- [What you are asked to do] The complete listing goes into the output exactly, without its pictures.

- [Source material]
———
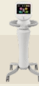
低周波治療器 承認番号：227AIBZX00003000

高齢者の転倒事故を防ぎ、介護不要の自立した生活をサポートするために、身体機能の向上が求められています。「ウェルトニックシリーズ」は、そうした社会的要請に応じて設計・開発された高齢者のためのトレーニングマシン。CGT(包括的高齢者運動トレーニング)に必要とされる多様な機種をそろえています。
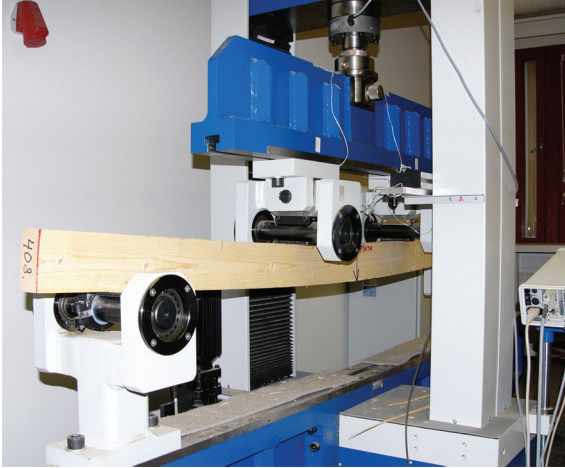
Kuva 2. Kuusisaheen taivutuskuo kimmomoduulin ja taivutusmurtolujuuden määrittämiseksi.

Tukkien alueelliset laatuerot olivat männyllä ulkoisen arvioinnin mukaan selvästi suuremmat kuin kuusella. Mäntytkit kuten myös kuusitukit olivat Venäjällä yleensä suuremmasta järeydestään (varsinkin väli- ja latvatukit) huolimatta oksikkaampia kuin Suomessa. Suuremmat tukit Venäjällä ilmensivät sekä järempiä tukkipuita että pienempää tukkisaantoa venäläisissä hakkuissa (ns. tukin ulosottoprosentti). Tukkien suoruuslaatu oli Venäjällä varsinkin väli- ja latvatukeilla huonompi kuin muilla alueilla, mutta kuusella keskimääräistä huonompi myös Kainuussa. Männyn tyvitukkien laatu jakauma oli kaikki tekijät huomioon ottaen selvästi paras Itä-Suomessa ja toiseksi paras Länsi-Suomessa, kun taas Kainuun ja Vologdan ja varsinkin Novgorodin tukit olivat selvästi heikkolaatuisempia. Kuusen tyvitukit ja varsinkin muut tukit olivat laadukkaimpia Itä-Suomessa ja muita alueita heikkolaatuisempia Venäjän Karjalassa ja Kainuussa.
———
- [Output]
低周波治療器 承認番号：227AIBZX00003000

高齢者の転倒事故を防ぎ、介護不要の自立した生活をサポートするために、身体機能の向上が求められています。「ウェルトニックシリーズ」は、そうした社会的要請に応じて設計・開発された高齢者のためのトレーニングマシン。CGT(包括的高齢者運動トレーニング)に必要とされる多様な機種をそろえています。
Kuva 2. Kuusisaheen taivutuskuo kimmomoduulin ja taivutusmurtolujuuden määrittämiseksi.

Tukkien alueelliset laatuerot olivat männyllä ulkoisen arvioinnin mukaan selvästi suuremmat kuin kuusella. Mäntytkit kuten myös kuusitukit olivat Venäjällä yleensä suuremmasta järeydestään (varsinkin väli- ja latvatukit) huolimatta oksikkaampia kuin Suomessa. Suuremmat tukit Venäjällä ilmensivät sekä järempiä tukkipuita että pienempää tukkisaantoa venäläisissä hakkuissa (ns. tukin ulosottoprosentti). Tukkien suoruuslaatu oli Venäjällä varsinkin väli- ja latvatukeilla huonompi kuin muilla alueilla, mutta kuusella keskimääräistä huonompi myös Kainuussa. Männyn tyvitukkien laatu jakauma oli kaikki tekijät huomioon ottaen selvästi paras Itä-Suomessa ja toiseksi paras Länsi-Suomessa, kun taas Kainuun ja Vologdan ja varsinkin Novgorodin tukit olivat selvästi heikkolaatuisempia. Kuusen tyvitukit ja varsinkin muut tukit olivat laadukkaimpia Itä-Suomessa ja muita alueita heikkolaatuisempia Venäjän Karjalassa ja Kainuussa.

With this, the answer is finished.